Perhaps at the time, their separation had been the only safe course. But after
all they had been through since, she could not help but feel that they could
have found a way to be together.
How different
their lives might have been! Nicolette would have known her father from the
start. And Steven, poor Steven, who had married a mysterious young woman with a
two-year old daughter and loved them both without ever asking about their past,
would never have died a tragic death at the hands of that vengeful vampire,
Spark.
On the
other hand, she would never have had her son, Richie, named for the late
brother that this world of vampires had been unable to save from an untimely
death. The five year old had been made to forget his father’s murder, and had
taken to Nick at once. And Natalie knew that Nick loved him as if he were his
own son. If Nick regretted his decisions of the past, he had done everything in
his power to make it up to both her and the children.
Even as
these familiar thoughts sped through her mind at light speed, she realized that
Nick was studying her sullenly, reading them on her face.
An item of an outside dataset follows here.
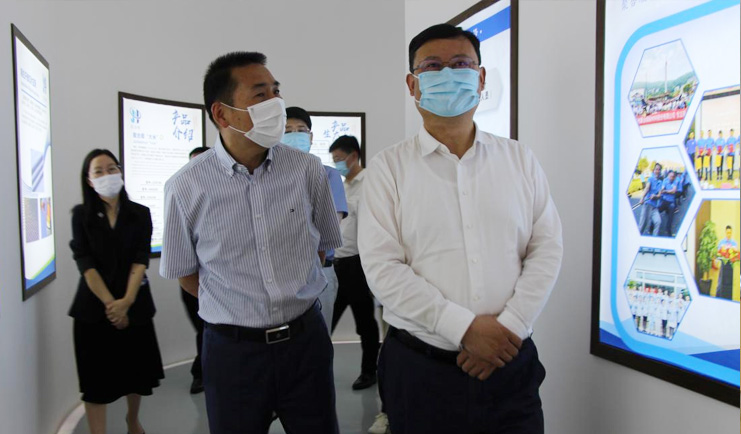 金書記一行參觀企業展廳中心時,詳細了解我司技術創新、產品應用、市場推廣和產業鏈動態等情況,仔細詢問企業當前防疫措施和今后發展規劃等問題。

She breathed deeply
and lay back against the pillow.
“Penny for
your thoughts?” he asked tentatively, though he surely knew what they were,
just as surely as he dreaded to hear them.
“Don’t be
cheap. You’re a millionaire, and my thoughts are worth a hell of a lot more
than a penny,” she teased him, wanting to push the darkness away from both of
them.
“Good
point,” he said with a slight smile, easing back down to lie beside her. He
turned to face her, caressing her lightly on the cheek. “Okay. I’ll give you
$100,000 just for one thought.”
Nick had
always been one to torture himself with guilt. But she wouldn’t indulge him
now. “Okay, just one, but this is for free. I love you.”
There was
so much in his eyes—relief to not have to speak of the past, and remorse over
the pain she would keep to herself. “I love you too, Nat. More than…more than…”
He couldn’t even find the words, and she spared him by reaching to kiss him on
the lips. He was only too glad to show her with his kiss the intense love and
pain that filled his heart, something too deep to even express in words. For a
long while he held her wordlessly, and she almost drifted to sleep in his arms,
when he finally whispered, “I promise you, Nat. This time, I will be there. For
her birth, for every moment of her life…”
She knew he
would. She snuggled closer to him. “Nick,” she asked quietly, raising something
she never had before, “are you disappointed…that we’re having another girl?”
“Don’t be
ridiculous, Nat,” he said without the slightest hesitation. “Why would you even
think that?” he asked in real surprise.
“I dunno…I
suppose…I just thought…at my age, this will probably be our last baby…and I
thought you might have wanted to have a son.” Her age was a delicate matter. At
almost forty-six, this would most likely be her last pregnancy. Although Nick
had begun to age ever since the cure that LaCroix himself had revealed to them,
she still felt insecure about the fact that he still appeared to be no older
than in his thirties.
”We already
have a son,” he told her resolutely. It was more than a gesture. He said it as
if to imply otherwise were an insult.
“I love
you,” she said again as she buried her face into his bare chest, closing her
eyes to fall back asleep.
“I love you
too,” he said softly, sheltering her in his embrace.